Un elemento tan importante como los atentados es la referida habilidad del EI para reclutar partidarios lejos de su ámbito de influencia y en los propios países occidentales amenazados, de los que salieron varios de los autores de las acciones terroristas: en la de los Campos Elíseos de París, el responsable era ciudadano francés; el de Estocolmo era un uzbeko que había simpatizado con el yihadismo; Salman Abedi, el suicida responsable de la matanza del concierto de Ariana Grande, había nacido allí mismo, en Manchester. Esta estrategia de captación ha duplicado la sensación de terror en nuestras ciudades: no solo pueden matarte en la puerta de tu casa, sino que además puede que lo haga tu vecino.

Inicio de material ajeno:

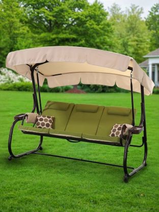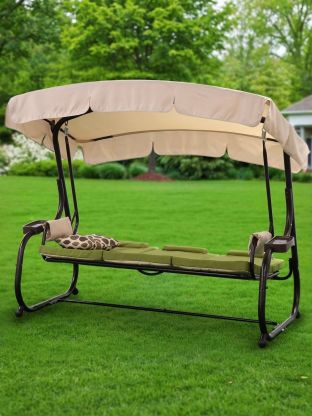 Качели садовые 3-местные, 220х130х177 см, 280 кг, Green Days, раскладываются в кровать, зеленые, YTSW3045-5S, металл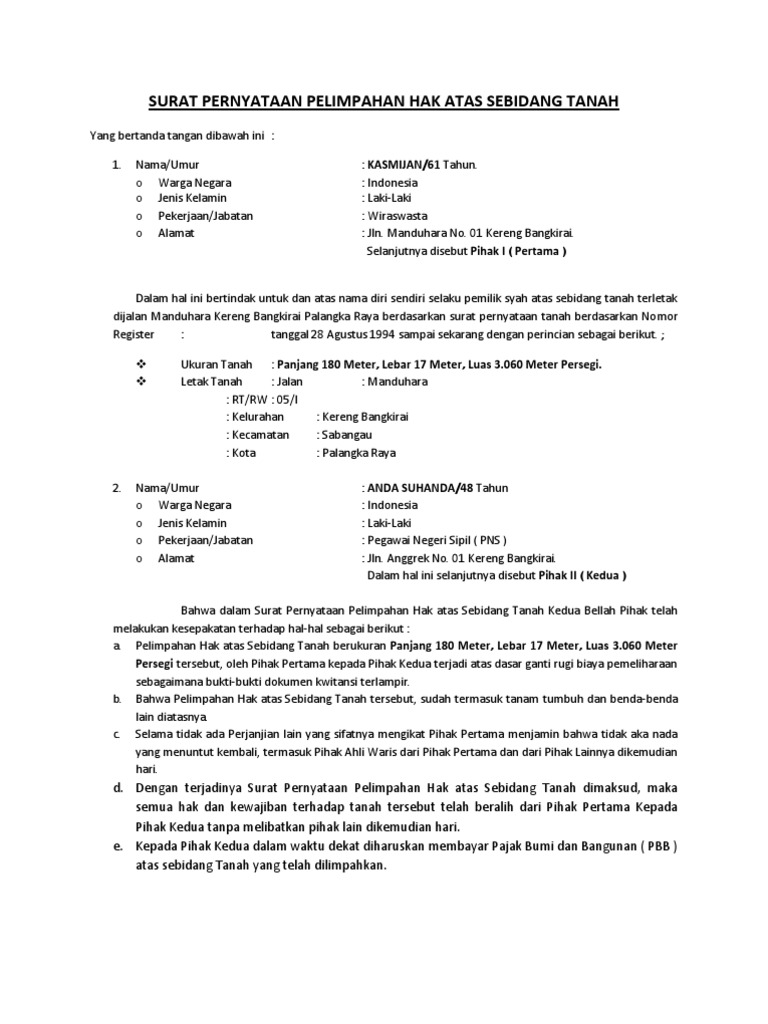 Contoh Akta Pelepasan Hak Atas Tanah Pdf - Asia from blogpictures.99.co Contoh surat dinas resmi full block style; Contoh surat keterangan hibah tanah merupakan surat yang menerangkan pemberian atau hibah sebidang tanah kepada orang lain. Maupun saham kepada anak kandungnya dan adanya wp yang mengajukan permohonan surat keterangan bebas pajak penghasilan atas pengalihan hak atas tanah dan atau bangunan yang terkait dengan hibah rumah tersebut. Salah satu bentuk harta yang sering dihibahkan oleh seseorang adalah harta berupa tanah. Contoh surat hibah tanah dari orang tua kepada anak, contoh surat hibah tanah dari orang tua kepada anak pdf, contoh surat hibah tanah dari orang tua kepada anak word, contoh surat hibah tanah dari orang tua kepada anaknya, pernyataan hibah contoh surat hibah tanah dari orang tua kepada anak, surat hibah contoh surat penyerahan tanah dari orang tua kepada anak Namun jika hibah tersebut tidak disertai dengan surat keterangan hibah, maka bukan tidak mungkin akan terjadi permasalahan di kemudian hari, dikarenakan beberapa hal. Contoh surat hibah tanah dari orang tua kepada anak seseorang pemilik tanah memiliki hak untuk menghibahkan tanahnya kepada siapa saja, termasuk kepada anaknya. Dengan demikian, anak yang lain tidak akan bisa mengklaim kepemilikan tanah tersebut.

Pretender que el terrorismo yihadista es fruto del rodillo occidental sobre esos países, con EEUU a la cabeza, es de una ingenuidad letal. En los orígenes del terrorismo yihadista está, sobre todo, la relación perversa entre la incultura y el extremismo religioso. Prueba de ello es que el 80 por ciento de los atentados del EI, Al Qaeda, Boko Haram y los talibanes (los cuatro palos de esta baraja siniestra) se producen en suelo musulmán. Pero hay más causas, todas ellas interrelacionadas: los enfrentamientos tribales y étnicos; las diferencias de interpretación religiosa (alimentadas por la falta de una autoridad religiosa única, como en el catolicismo sería el Papa); la corrupción en los países donde se asienta, que por lo general son tiranías sin líderes carismáticos, ni libertad, ni justicia; la pobreza y la falta de integración y de objetivos de la población (y esto vale tanto para los de allí como para los que reclutan aquí), a quienes por fin se les ofrece fácilmente un mundo al que pertenecer y en el que sublimarse, desprendiéndose de sus miedos y transfiriéndoselos a otros. Como la energía, el terror parece que ni se crea ni se destruye, solo se trasforma. Puede que ahí esté la clave del negocio.